» **Available data**:
[Start of Attachment]

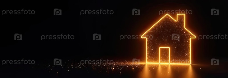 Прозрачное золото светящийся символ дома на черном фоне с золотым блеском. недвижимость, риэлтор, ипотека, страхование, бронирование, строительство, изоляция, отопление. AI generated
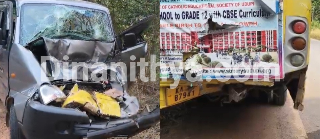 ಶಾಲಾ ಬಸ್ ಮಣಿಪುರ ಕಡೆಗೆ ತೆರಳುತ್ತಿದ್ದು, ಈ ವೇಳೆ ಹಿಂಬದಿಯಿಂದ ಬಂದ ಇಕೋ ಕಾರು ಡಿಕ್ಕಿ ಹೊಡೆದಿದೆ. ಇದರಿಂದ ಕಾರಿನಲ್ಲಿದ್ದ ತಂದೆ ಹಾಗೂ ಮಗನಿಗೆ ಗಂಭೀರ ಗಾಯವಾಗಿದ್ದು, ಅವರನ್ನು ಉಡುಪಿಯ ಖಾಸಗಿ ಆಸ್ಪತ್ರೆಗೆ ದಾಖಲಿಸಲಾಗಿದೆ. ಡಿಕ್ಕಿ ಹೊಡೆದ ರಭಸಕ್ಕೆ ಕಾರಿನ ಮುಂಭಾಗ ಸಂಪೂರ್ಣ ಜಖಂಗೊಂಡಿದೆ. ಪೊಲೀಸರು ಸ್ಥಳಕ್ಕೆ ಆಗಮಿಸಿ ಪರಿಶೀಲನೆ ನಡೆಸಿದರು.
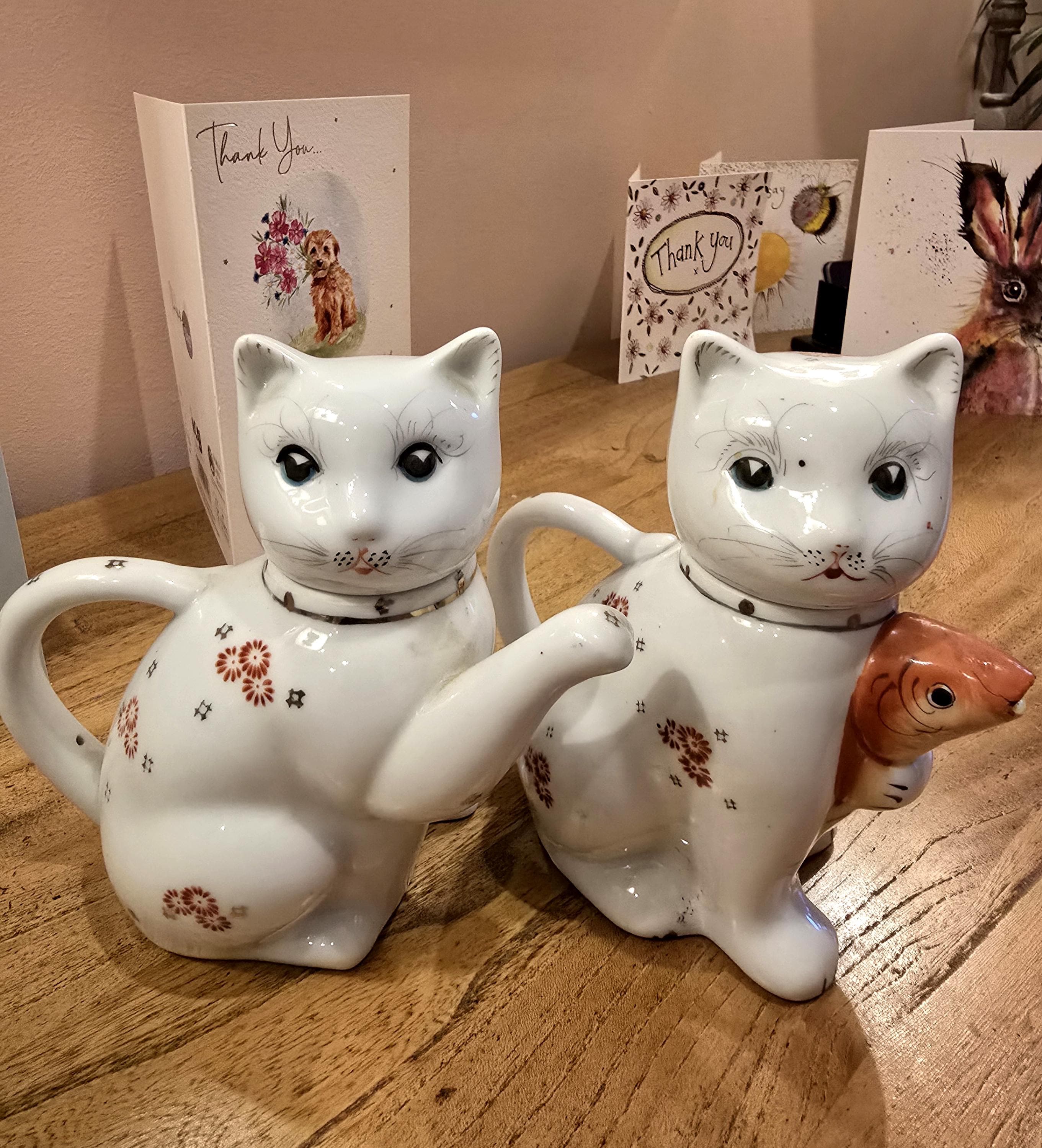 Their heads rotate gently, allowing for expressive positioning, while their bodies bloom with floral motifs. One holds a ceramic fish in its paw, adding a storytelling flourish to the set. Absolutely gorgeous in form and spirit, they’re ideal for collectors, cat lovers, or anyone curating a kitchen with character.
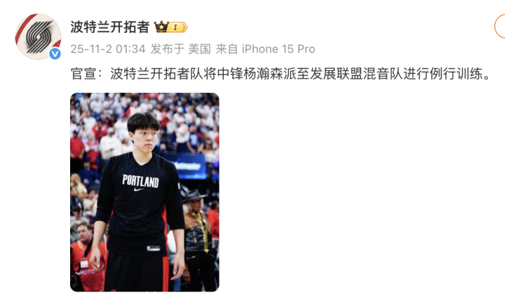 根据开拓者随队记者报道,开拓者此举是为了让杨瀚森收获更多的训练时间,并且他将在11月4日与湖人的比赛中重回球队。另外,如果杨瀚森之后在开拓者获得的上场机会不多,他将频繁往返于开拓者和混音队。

[End of Attachment]

» **What you need to do**:
Could the material above be written out again word for word, with the pictures dropped?

» **The answer**:
 Прозрачное золото светящийся символ дома на черном фоне с золотым блеском. недвижимость, риэлтор, ипотека, страхование, бронирование, строительство, изоляция, отопление. AI generated
 ಶಾಲಾ ಬಸ್ ಮಣಿಪುರ ಕಡೆಗೆ ತೆರಳುತ್ತಿದ್ದು, ಈ ವೇಳೆ ಹಿಂಬದಿಯಿಂದ ಬಂದ ಇಕೋ ಕಾರು ಡಿಕ್ಕಿ ಹೊಡೆದಿದೆ. ಇದರಿಂದ ಕಾರಿನಲ್ಲಿದ್ದ ತಂದೆ ಹಾಗೂ ಮಗನಿಗೆ ಗಂಭೀರ ಗಾಯವಾಗಿದ್ದು, ಅವರನ್ನು ಉಡುಪಿಯ ಖಾಸಗಿ ಆಸ್ಪತ್ರೆಗೆ ದಾಖಲಿಸಲಾಗಿದೆ. ಡಿಕ್ಕಿ ಹೊಡೆದ ರಭಸಕ್ಕೆ ಕಾರಿನ ಮುಂಭಾಗ ಸಂಪೂರ್ಣ ಜಖಂಗೊಂಡಿದೆ. ಪೊಲೀಸರು ಸ್ಥಳಕ್ಕೆ ಆಗಮಿಸಿ ಪರಿಶೀಲನೆ ನಡೆಸಿದರು.
 Their heads rotate gently, allowing for expressive positioning, while their bodies bloom with floral motifs. One holds a ceramic fish in its paw, adding a storytelling flourish to the set. Absolutely gorgeous in form and spirit, they’re ideal for collectors, cat lovers, or anyone curating a kitchen with character.
 根据开拓者随队记者报道,开拓者此举是为了让杨瀚森收获更多的训练时间,并且他将在11月4日与湖人的比赛中重回球队。另外,如果杨瀚森之后在开拓者获得的上场机会不多,他将频繁往返于开拓者和混音队。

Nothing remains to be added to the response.